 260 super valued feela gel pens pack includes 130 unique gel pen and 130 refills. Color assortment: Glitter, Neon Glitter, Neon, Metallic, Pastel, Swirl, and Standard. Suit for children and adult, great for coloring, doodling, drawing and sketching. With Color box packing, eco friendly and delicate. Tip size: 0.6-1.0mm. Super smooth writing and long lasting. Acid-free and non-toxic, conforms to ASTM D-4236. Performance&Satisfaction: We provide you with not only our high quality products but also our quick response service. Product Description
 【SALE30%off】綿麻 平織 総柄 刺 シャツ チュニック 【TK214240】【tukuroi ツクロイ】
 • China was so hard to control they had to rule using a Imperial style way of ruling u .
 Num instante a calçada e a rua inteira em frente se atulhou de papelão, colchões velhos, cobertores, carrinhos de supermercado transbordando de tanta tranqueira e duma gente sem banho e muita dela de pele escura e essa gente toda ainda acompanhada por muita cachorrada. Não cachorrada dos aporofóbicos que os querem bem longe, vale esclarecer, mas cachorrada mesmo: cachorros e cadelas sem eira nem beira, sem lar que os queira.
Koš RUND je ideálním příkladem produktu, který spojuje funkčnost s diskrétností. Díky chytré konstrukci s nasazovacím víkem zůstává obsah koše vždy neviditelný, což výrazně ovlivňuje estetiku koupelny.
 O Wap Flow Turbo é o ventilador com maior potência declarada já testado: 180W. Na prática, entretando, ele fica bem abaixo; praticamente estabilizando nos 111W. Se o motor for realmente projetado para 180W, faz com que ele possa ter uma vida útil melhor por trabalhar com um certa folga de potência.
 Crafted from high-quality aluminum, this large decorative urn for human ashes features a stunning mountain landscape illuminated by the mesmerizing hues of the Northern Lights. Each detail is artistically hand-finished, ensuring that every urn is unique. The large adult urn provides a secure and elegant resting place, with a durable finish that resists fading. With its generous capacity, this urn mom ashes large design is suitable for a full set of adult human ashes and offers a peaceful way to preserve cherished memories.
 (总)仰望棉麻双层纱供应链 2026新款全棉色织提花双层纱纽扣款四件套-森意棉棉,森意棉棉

===============

- **WORK REQUIRED**: Retype the listing from above, matching it exactly.

- **RESULT FOR THIS TASK**:
 260 super valued feela gel pens pack includes 130 unique gel pen and 130 refills. Color assortment: Glitter, Neon Glitter, Neon, Metallic, Pastel, Swirl, and Standard. Suit for children and adult, great for coloring, doodling, drawing and sketching. With Color box packing, eco friendly and delicate. Tip size: 0.6-1.0mm. Super smooth writing and long lasting. Acid-free and non-toxic, conforms to ASTM D-4236. Performance&Satisfaction: We provide you with not only our high quality products but also our quick response service. Product Description
 【SALE30%off】綿麻 平織 総柄 刺 シャツ チュニック 【TK214240】【tukuroi ツクロイ】
 • China was so hard to control they had to rule using a Imperial style way of ruling u .
 Num instante a calçada e a rua inteira em frente se atulhou de papelão, colchões velhos, cobertores, carrinhos de supermercado transbordando de tanta tranqueira e duma gente sem banho e muita dela de pele escura e essa gente toda ainda acompanhada por muita cachorrada. Não cachorrada dos aporofóbicos que os querem bem longe, vale esclarecer, mas cachorrada mesmo: cachorros e cadelas sem eira nem beira, sem lar que os queira.
Koš RUND je ideálním příkladem produktu, který spojuje funkčnost s diskrétností. Díky chytré konstrukci s nasazovacím víkem zůstává obsah koše vždy neviditelný, což výrazně ovlivňuje estetiku koupelny.
 O Wap Flow Turbo é o ventilador com maior potência declarada já testado: 180W. Na prática, entretando, ele fica bem abaixo; praticamente estabilizando nos 111W. Se o motor for realmente projetado para 180W, faz com que ele possa ter uma vida útil melhor por trabalhar com um certa folga de potência.
 Crafted from high-quality aluminum, this large decorative urn for human ashes features a stunning mountain landscape illuminated by the mesmerizing hues of the Northern Lights. Each detail is artistically hand-finished, ensuring that every urn is unique. The large adult urn provides a secure and elegant resting place, with a durable finish that resists fading. With its generous capacity, this urn mom ashes large design is suitable for a full set of adult human ashes and offers a peaceful way to preserve cherished memories.
 (总)仰望棉麻双层纱供应链 2026新款全棉色织提花双层纱纽扣款四件套-森意棉棉,森意棉棉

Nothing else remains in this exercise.